Thanksgiving is quickly approaching, can you believe it? I remember when my girls where small and sleep was all we thought about, someone once said to me, “the days are long but the years are short.” How true is that statement. The beautiful image above is from a recent newborn session I did with the sweetest family. Baby C. reminded me so much of my oldest when she was born…awake unless held. 😉
As I sit here, I want to hold my girls wrapped in a blanket and cuddle with them for as long as I can. It’s different because now they talk, but when they are quiet, there is a certain peace and love which fills my heart like no other. Those quiet moments make me wonder about their future, causing both fear and jubilation. For example, this morning while I was working out I had the TV tuned into “say yes to the dress.” Don’t ask me why, the brides drive me crazy. As I am watching the show, I hear the sales person state the price of the dresses, silently I start to panic. How are we going to afford to pay for two weddings? $5000 for a dress. HOLY CRAP!! Yet at the same time, I can see Chris and I saying… “whatever you want, don’t worry about the cost.” The thoughts completely freaks me out. Not to mention, over dinner tonight (the girls were each at a friend’s house) Chris and I were discussing potential “boyfriend” material for our girls. For Pete’s sake R. is only 8 yr. LOL!!! Guess it makes for good conversation and honestly, it’s hard not to dream about the future. As parents, we only want to give your child the best.

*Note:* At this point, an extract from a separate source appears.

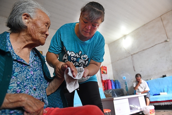 自從兩人癱瘓后,張珍就沒睡過一個(gè)囫圇覺,每夜都得起來三四次,到大娘床前看看,給她掖掖被子,幫老人翻個(gè)身,伺候伺候小便,然后再去照料一下大伯哥。每個(gè)晚上,張珍都不敢睡沉,白天總是渾身酸痛。農(nóng)忙時(shí)下地干活時(shí),她都是把兩人安頓在沙發(fā)上,讓大伯哥看著點(diǎn)大娘,把準(zhǔn)備好的飯菜放在伸手就能拿到的地方。有時(shí)剛到地里,大娘想方便,大伯哥一個(gè)電話,她就得從幾里遠(yuǎn)的地里,飛奔到家。由于兩人都是血稠的毛病,張珍每年都會請村衛(wèi)生室的醫(yī)生到家里為兩位老人沖血,在她的精心照顧下,兩人的病情沒有隨著年齡增長加重,反而逐步好轉(zhuǎn),氣色也比從前紅潤許多。

So as Thursday approaches, I will be thankful for the little things in life: the times my girls do want to cuddle in with me in a blanket, conversations with my brother who is thinking about getting married, breakfast conversations with my two girls (I should recorded these for comedic relief), listening to H. play in the bathtub, watching R. read her favorite books, warm blankets to cover us at night, and food to fill our not so hungry bellies. Knowing so many people in the world lack many of the essentials it’s hard, for me anyway, to not feel guilty for having what I have in life. All the material things I can’t seem to stop buying make me feel guilty on a certain level, yet I know I can’t save the world. Maybe my biggest thanks will be my voice. A voice to teach my children about dreams, the world, and how being a good person is important. A voice to help spread the world on how to help those in need. My voice may not be loud but I am thankful I can still freely use it. Have a safe and wonderful week!